The Outdoor Industry Association (OIA) has named Lise Aangeenbrug as its new executive director, effective in March. … Nodin de Saillan is joining the National Ski Patrol as its education programs manager.
Ron Bonneau will retire at the end of this season after 30 years as head coach of the College of Idaho ski teams, and 20 years as the Northwest Collegiate Ski and Snowboard Conference coordinator.
360 Adventure Collective (360 AC) will say goodbye to longtime executive director Debbie Motz, and has appointed current 360 AC regional director Stacey Gellert to succeed her.
The U.S. Ski and Snowboard Hall of Fame honored Cheryl Jensen with the Women in Industry Award for her work with combat veterans as founder and board chair of the Vail Veterans Program (VVP).
Ski pioneer and industry legend Dave McCoy died Feb. 8 at the age of 104. McCoy founded Mammoth Mountain Ski Area in 1942 and raised the resort—then just a portable rope-tow in a remote mountain town—into one of the world’s premier ski destinations.
McCoy built Mammoth with great vision, persistence, and a knack for machinery. From rigging its first rope tow in 1937 using his Ford Model A as the drive, and charging 50 cents to ride it, to building a 3,400-foot-long diesel-driven double chair in 1955, all the way through the decades to follow, McCoy laid out what became an ingenious lift system on an enormous mountain. The town of Mammoth Lakes grew as the resort did, and McCoy and his team launched a water district, volunteer fire department, regional hospital, and more in the community.

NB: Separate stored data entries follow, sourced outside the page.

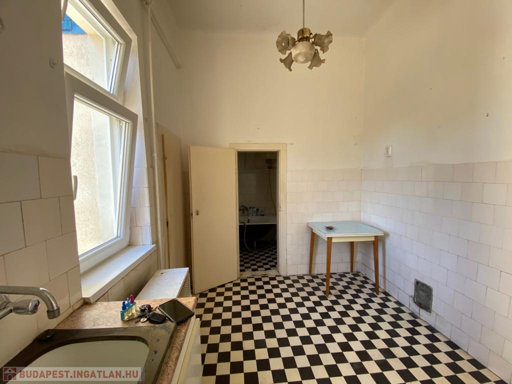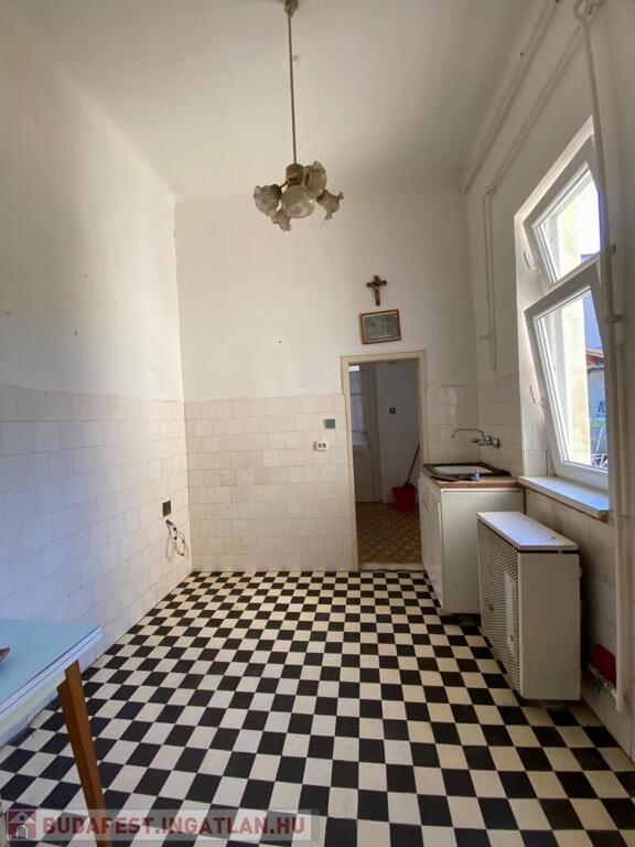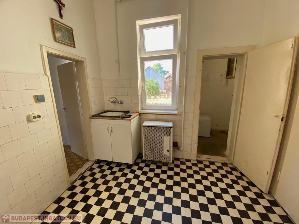 A konyha kertre, illetve belső udvarra néz, praktikus kamrával, mely lebontható, mert látott már szebb napokat.
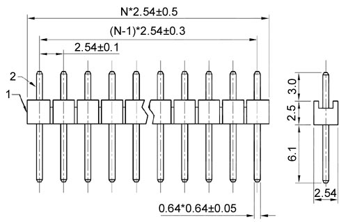 Stiftleiste | Zum Drucken | Stecker | 1x30 | 2,54mm | Gerade | ||||||||||||
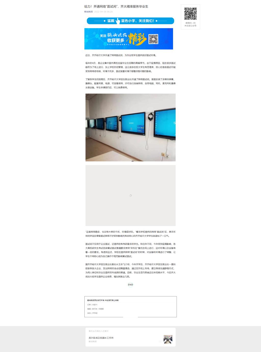【鹤城晚报】齐大开通网络“面试间”让学生轻松应聘
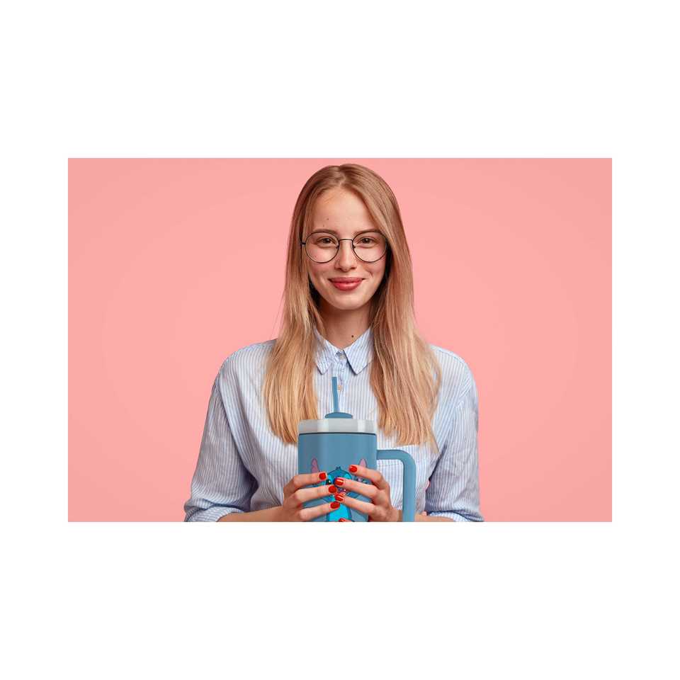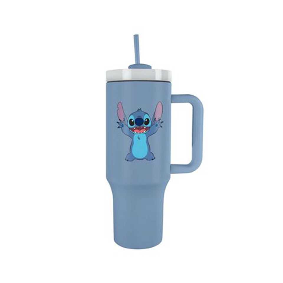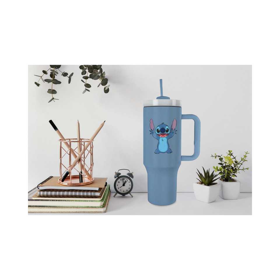 แก้วน้ำลิโลแอนด์สติทช์แบบเก็บความร้อนสีฟ้า ทำจากสแตนเลสสตีล ขนาดประมาณ ความจุ 1.2 ลิตร คู่หูสำหรับการเดินทาง
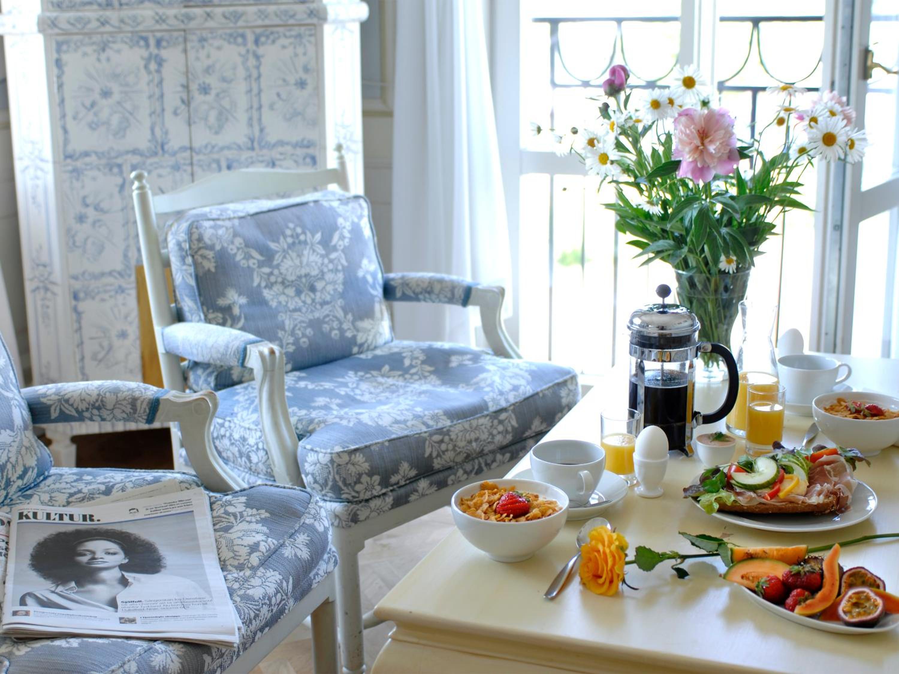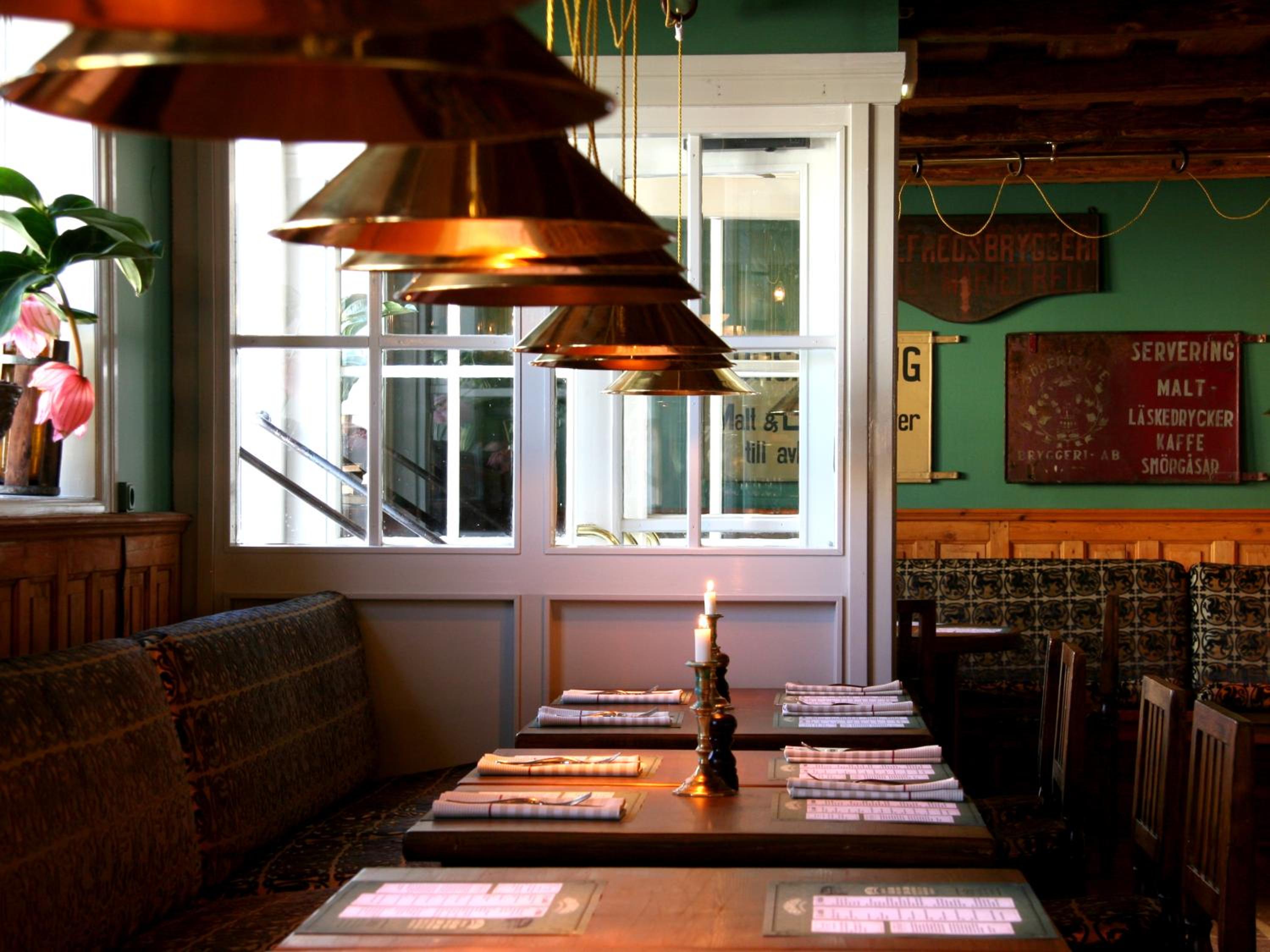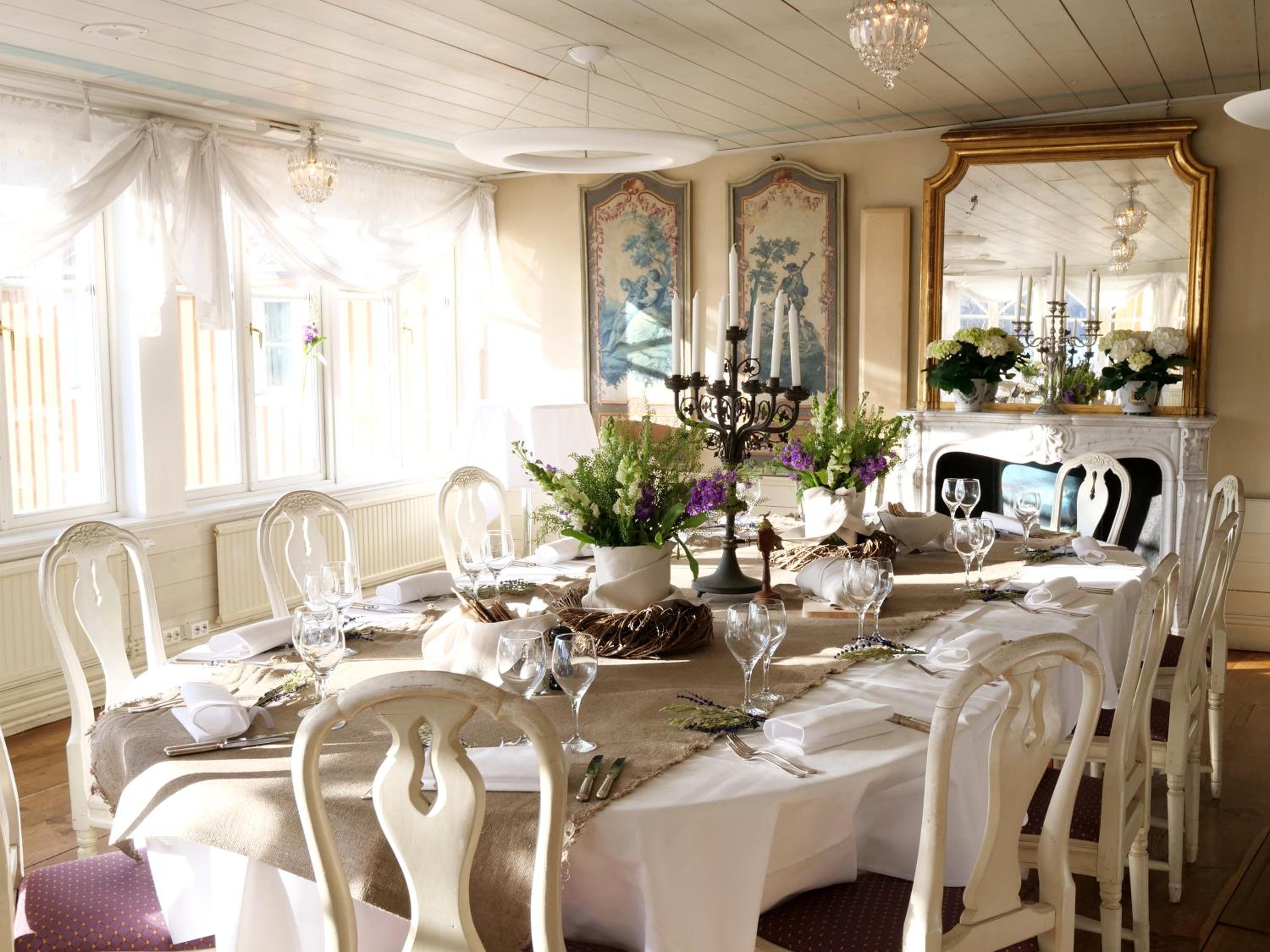 Den gammaldagsa stilen och känslan som passar ihop med slottet mitt emot. Fint i alla olika rum. Fint dukat i matsalen.Fin och trevlig personal.

The mountain resort industry lost another pioneer with the death of John Fry on Jan. 24, two days after his 90th birthday. Fry devoted much of his life to ski journalism, serving on the staffs of SKI LIFE, SKI, Snow Country, Skiing Heritage (now Skiing History), and SAM magazine. Fry edited America’s Ski Book (1973); co-authored, with Phil and Steve Mahre, their autobiography No Hill Too Fast (1985); and authored the award-winning The Story of Modern Skiing (2006).Fry was a U.S. Ski and Snowboard Hall of Fame inductee in 1995. He also founded the national recreational race program, NASTAR, in 1969.
Founder of Bristol Mountain, N.Y., Lawrence “Larry” Demarse, died Jan. 3 at age 82. He was a businessman, entrepreneur, and engineer who opened Bristol Mountain in 1964. He had partnered with Ron Ratnik and was backed by investor Fred Sarkis to design, build, and open the resort.
Longtime ropeway engineer Charles F. Dwyer died Jan. 9. He was 98. Dwyer was a Registered Professional Engineer and passenger ropeway specialist from 1946 to 1987, working in the ski industry and then for the U.S. Forest Service. He served as technical advisor to The Colorado Passenger Tramway Safety Board, and was a member of the ANSI B77.1 Committee.
Jeff Shiffrin, father of Olympic gold medalist Mikaela Shiffrin, died unexpectedly on Feb. 2 at his home in Edwards, Colo. He was 65. A former Dartmouth College ski racer, Shiffrin enjoyed a successful career in anesthesiology.
Dave Goode, 64, founder and president of GOODE Skis, died in January.